▸ **WHAT YOU SHOULD DO**
Set out the records below again exactly; skip the images.

---------- DATA

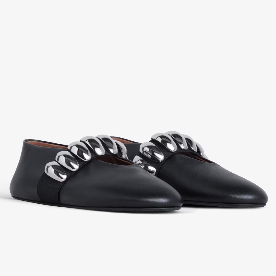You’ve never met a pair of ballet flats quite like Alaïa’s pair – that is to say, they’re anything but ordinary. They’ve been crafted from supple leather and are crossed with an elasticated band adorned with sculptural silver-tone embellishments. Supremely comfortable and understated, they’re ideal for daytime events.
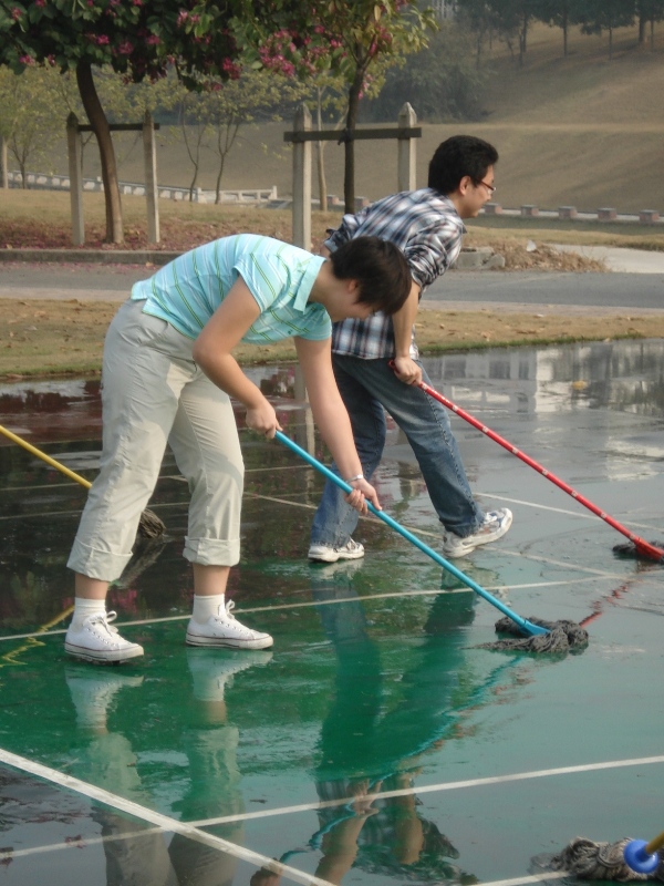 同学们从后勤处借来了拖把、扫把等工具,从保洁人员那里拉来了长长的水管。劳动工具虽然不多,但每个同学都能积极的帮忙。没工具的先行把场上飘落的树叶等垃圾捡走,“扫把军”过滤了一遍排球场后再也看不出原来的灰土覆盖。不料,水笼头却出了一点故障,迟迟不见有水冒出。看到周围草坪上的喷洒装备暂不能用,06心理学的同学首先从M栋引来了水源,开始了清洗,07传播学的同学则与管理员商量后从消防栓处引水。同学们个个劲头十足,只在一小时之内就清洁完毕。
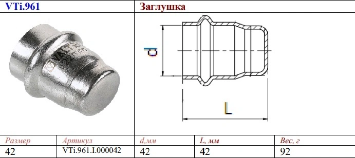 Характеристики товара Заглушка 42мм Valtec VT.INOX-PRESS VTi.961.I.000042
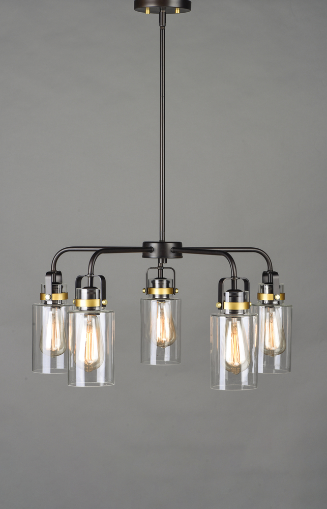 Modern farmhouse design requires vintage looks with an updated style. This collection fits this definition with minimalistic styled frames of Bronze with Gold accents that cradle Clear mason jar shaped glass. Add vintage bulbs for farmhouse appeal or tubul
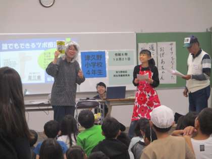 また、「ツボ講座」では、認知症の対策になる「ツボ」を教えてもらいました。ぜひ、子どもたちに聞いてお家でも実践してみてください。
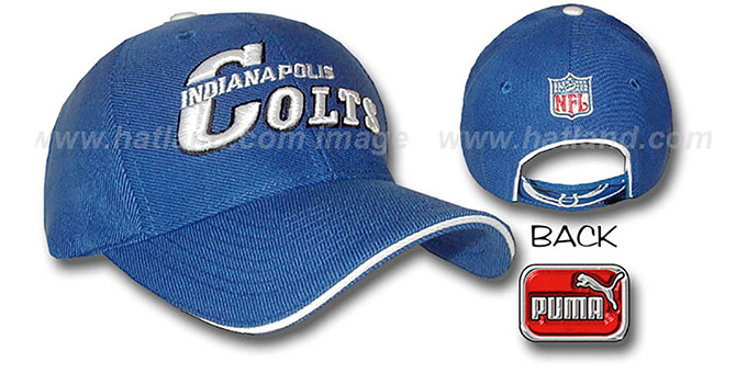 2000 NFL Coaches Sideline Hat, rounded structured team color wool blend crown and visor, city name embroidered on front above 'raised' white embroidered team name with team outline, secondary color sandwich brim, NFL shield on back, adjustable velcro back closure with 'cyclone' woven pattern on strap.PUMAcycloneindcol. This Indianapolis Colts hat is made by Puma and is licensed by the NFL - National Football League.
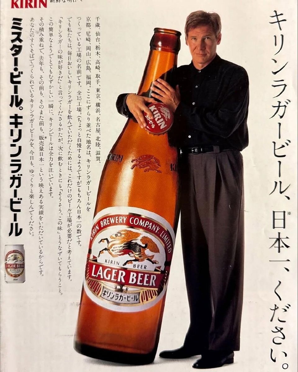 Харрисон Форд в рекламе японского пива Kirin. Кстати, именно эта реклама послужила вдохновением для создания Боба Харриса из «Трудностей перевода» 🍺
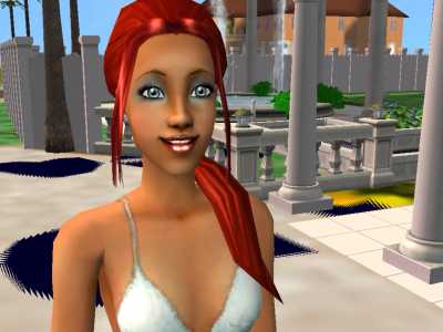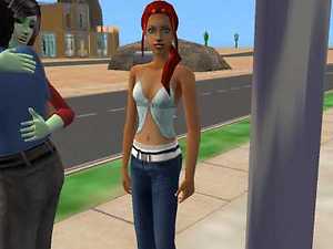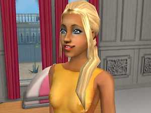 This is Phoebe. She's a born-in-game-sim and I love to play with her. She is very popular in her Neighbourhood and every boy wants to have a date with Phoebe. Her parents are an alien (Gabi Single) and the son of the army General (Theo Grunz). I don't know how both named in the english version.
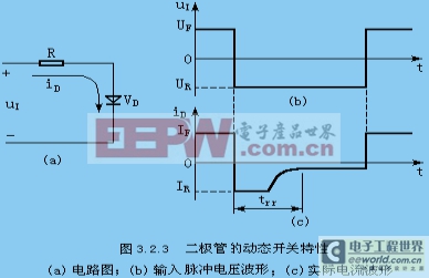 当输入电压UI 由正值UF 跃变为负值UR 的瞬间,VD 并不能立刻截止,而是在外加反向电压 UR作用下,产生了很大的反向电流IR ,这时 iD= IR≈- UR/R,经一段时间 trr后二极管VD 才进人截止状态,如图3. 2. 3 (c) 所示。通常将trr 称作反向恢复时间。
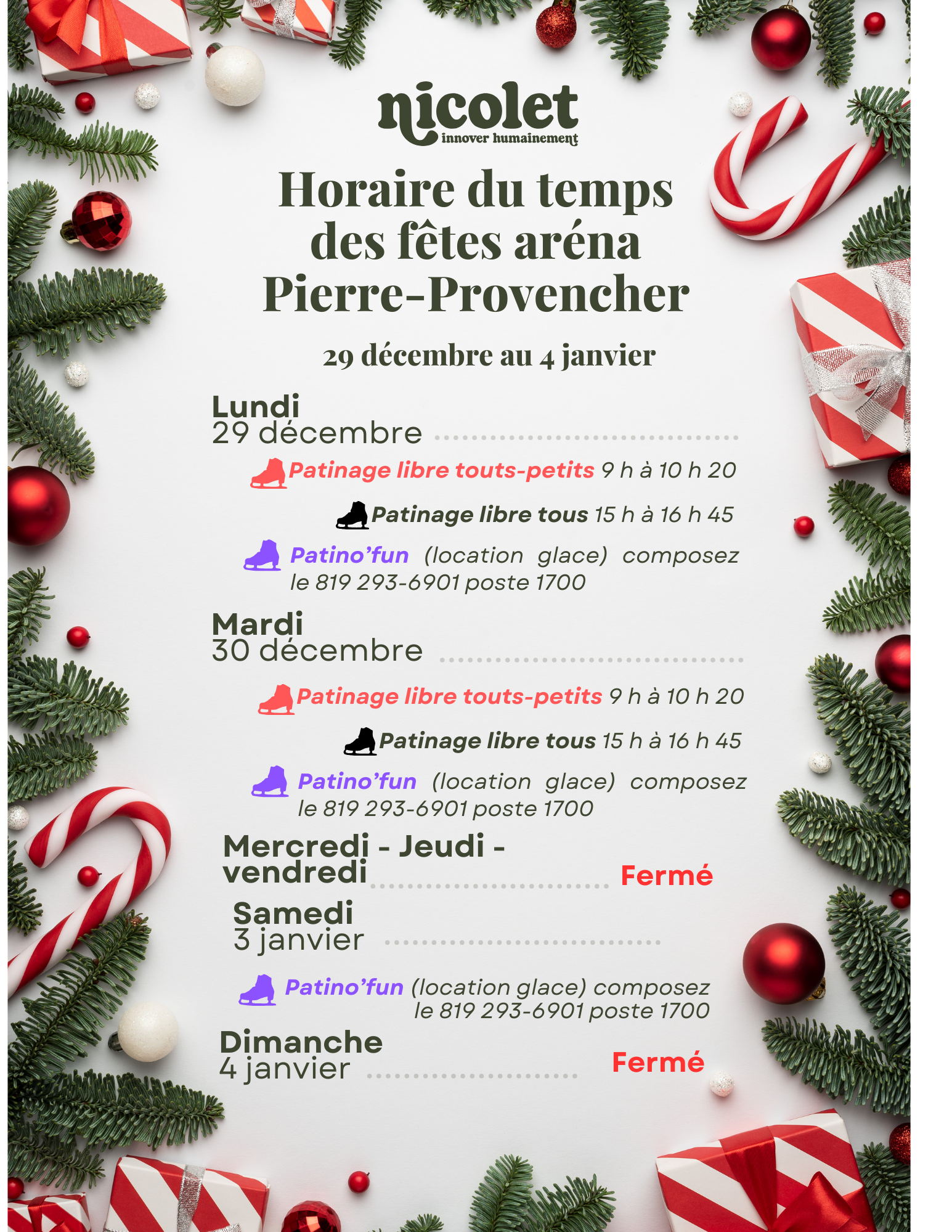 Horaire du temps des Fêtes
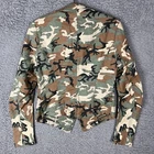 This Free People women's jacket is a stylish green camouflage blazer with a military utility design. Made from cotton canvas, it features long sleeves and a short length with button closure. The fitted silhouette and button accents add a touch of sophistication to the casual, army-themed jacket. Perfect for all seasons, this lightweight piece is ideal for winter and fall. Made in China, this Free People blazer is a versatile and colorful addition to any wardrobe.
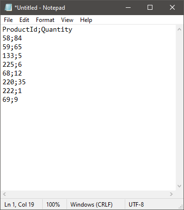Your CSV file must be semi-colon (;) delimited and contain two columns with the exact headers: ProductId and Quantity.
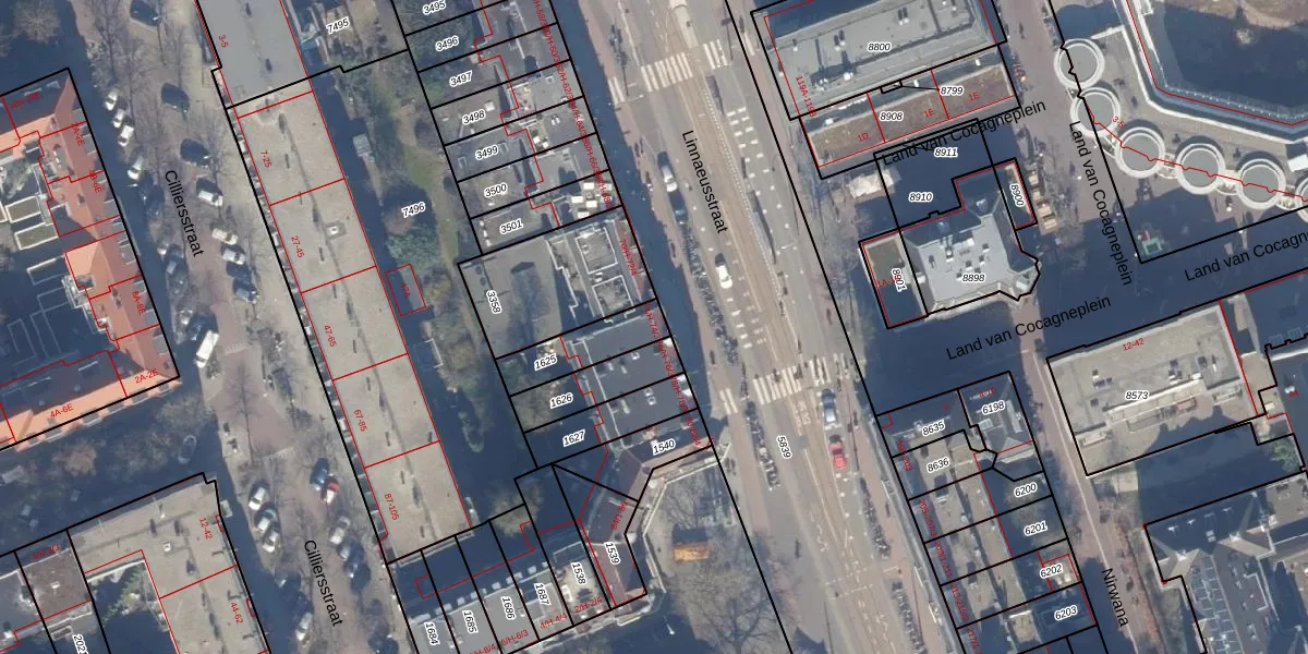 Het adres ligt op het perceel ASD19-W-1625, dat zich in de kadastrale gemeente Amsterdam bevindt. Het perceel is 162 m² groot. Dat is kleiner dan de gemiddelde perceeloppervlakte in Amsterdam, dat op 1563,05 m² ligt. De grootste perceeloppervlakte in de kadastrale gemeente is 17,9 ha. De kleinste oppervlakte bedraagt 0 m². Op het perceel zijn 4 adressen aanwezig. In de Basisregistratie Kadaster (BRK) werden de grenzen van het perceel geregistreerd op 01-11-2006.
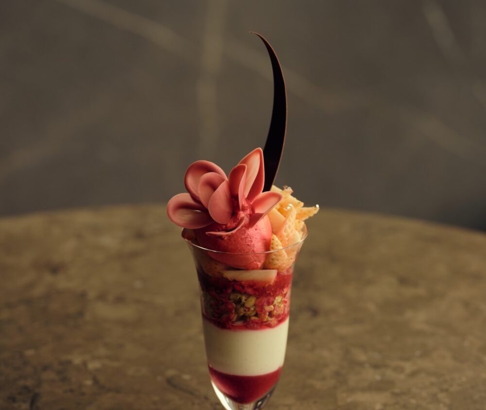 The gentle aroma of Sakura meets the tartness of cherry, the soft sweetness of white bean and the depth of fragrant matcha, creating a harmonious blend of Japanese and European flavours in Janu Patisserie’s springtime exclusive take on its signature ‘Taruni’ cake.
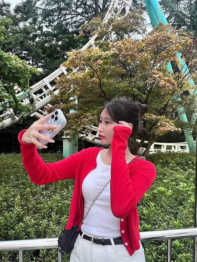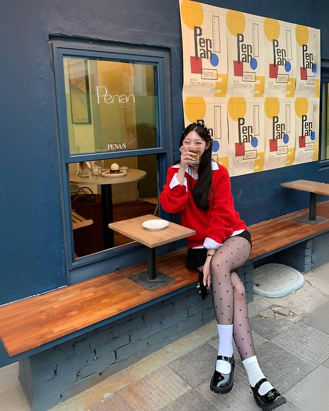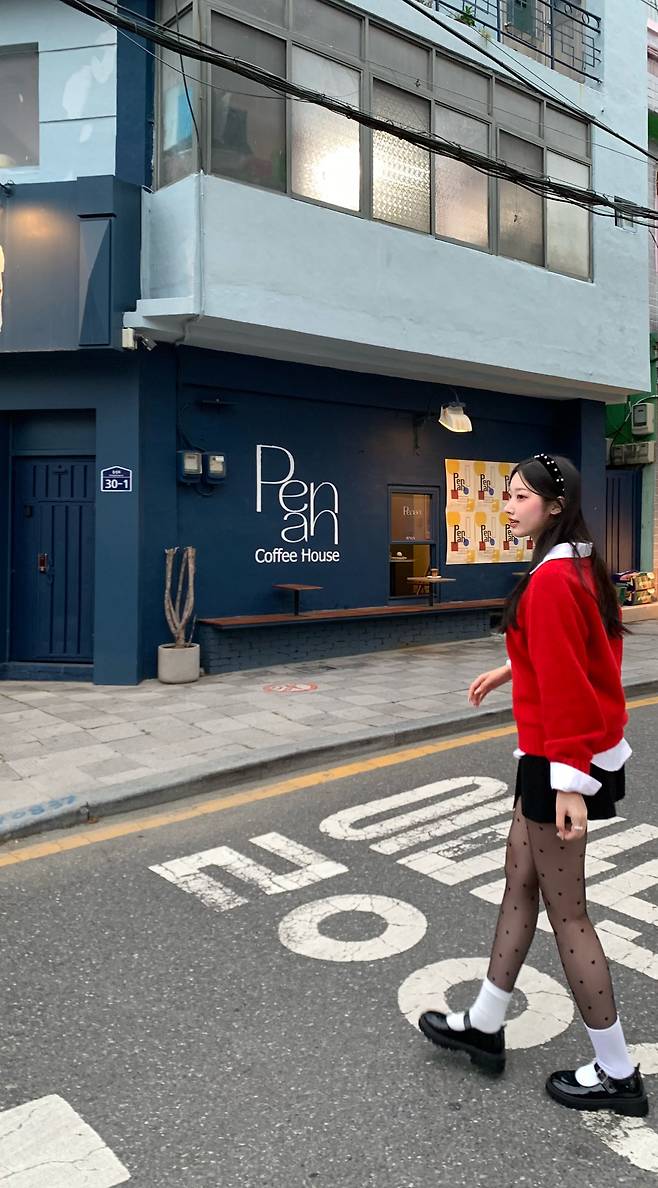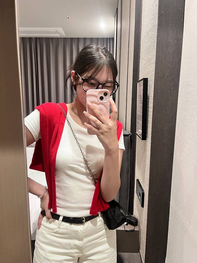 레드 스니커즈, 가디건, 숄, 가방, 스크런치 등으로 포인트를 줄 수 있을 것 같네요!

--------------------

▸ **ANSWER SPACE**
You’ve never met a pair of ballet flats quite like Alaïa’s pair – that is to say, they’re anything but ordinary. They’ve been crafted from supple leather and are crossed with an elasticated band adorned with sculptural silver-tone embellishments. Supremely comfortable and understated, they’re ideal for daytime events.
 同学们从后勤处借来了拖把、扫把等工具,从保洁人员那里拉来了长长的水管。劳动工具虽然不多,但每个同学都能积极的帮忙。没工具的先行把场上飘落的树叶等垃圾捡走,“扫把军”过滤了一遍排球场后再也看不出原来的灰土覆盖。不料,水笼头却出了一点故障,迟迟不见有水冒出。看到周围草坪上的喷洒装备暂不能用,06心理学的同学首先从M栋引来了水源,开始了清洗,07传播学的同学则与管理员商量后从消防栓处引水。同学们个个劲头十足,只在一小时之内就清洁完毕。
 Характеристики товара Заглушка 42мм Valtec VT.INOX-PRESS VTi.961.I.000042
 Modern farmhouse design requires vintage looks with an updated style. This collection fits this definition with minimalistic styled frames of Bronze with Gold accents that cradle Clear mason jar shaped glass. Add vintage bulbs for farmhouse appeal or tubul
 また、「ツボ講座」では、認知症の対策になる「ツボ」を教えてもらいました。ぜひ、子どもたちに聞いてお家でも実践してみてください。
 2000 NFL Coaches Sideline Hat, rounded structured team color wool blend crown and visor, city name embroidered on front above 'raised' white embroidered team name with team outline, secondary color sandwich brim, NFL shield on back, adjustable velcro back closure with 'cyclone' woven pattern on strap.PUMAcycloneindcol. This Indianapolis Colts hat is made by Puma and is licensed by the NFL - National Football League.
 Харрисон Форд в рекламе японского пива Kirin. Кстати, именно эта реклама послужила вдохновением для создания Боба Харриса из «Трудностей перевода» 🍺
 This is Phoebe. She's a born-in-game-sim and I love to play with her. She is very popular in her Neighbourhood and every boy wants to have a date with Phoebe. Her parents are an alien (Gabi Single) and the son of the army General (Theo Grunz). I don't know how both named in the english version.
 当输入电压UI 由正值UF 跃变为负值UR 的瞬间,VD 并不能立刻截止,而是在外加反向电压 UR作用下,产生了很大的反向电流IR ,这时 iD= IR≈- UR/R,经一段时间 trr后二极管VD 才进人截止状态,如图3. 2. 3 (c) 所示。通常将trr 称作反向恢复时间。
 Horaire du temps des Fêtes
 This Free People women's jacket is a stylish green camouflage blazer with a military utility design. Made from cotton canvas, it features long sleeves and a short length with button closure. The fitted silhouette and button accents add a touch of sophistication to the casual, army-themed jacket. Perfect for all seasons, this lightweight piece is ideal for winter and fall. Made in China, this Free People blazer is a versatile and colorful addition to any wardrobe.
Your CSV file must be semi-colon (;) delimited and contain two columns with the exact headers: ProductId and Quantity.
 Het adres ligt op het perceel ASD19-W-1625, dat zich in de kadastrale gemeente Amsterdam bevindt. Het perceel is 162 m² groot. Dat is kleiner dan de gemiddelde perceeloppervlakte in Amsterdam, dat op 1563,05 m² ligt. De grootste perceeloppervlakte in de kadastrale gemeente is 17,9 ha. De kleinste oppervlakte bedraagt 0 m². Op het perceel zijn 4 adressen aanwezig. In de Basisregistratie Kadaster (BRK) werden de grenzen van het perceel geregistreerd op 01-11-2006.
 The gentle aroma of Sakura meets the tartness of cherry, the soft sweetness of white bean and the depth of fragrant matcha, creating a harmonious blend of Japanese and European flavours in Janu Patisserie’s springtime exclusive take on its signature ‘Taruni’ cake.
 레드 스니커즈, 가디건, 숄, 가방, 스크런치 등으로 포인트를 줄 수 있을 것 같네요!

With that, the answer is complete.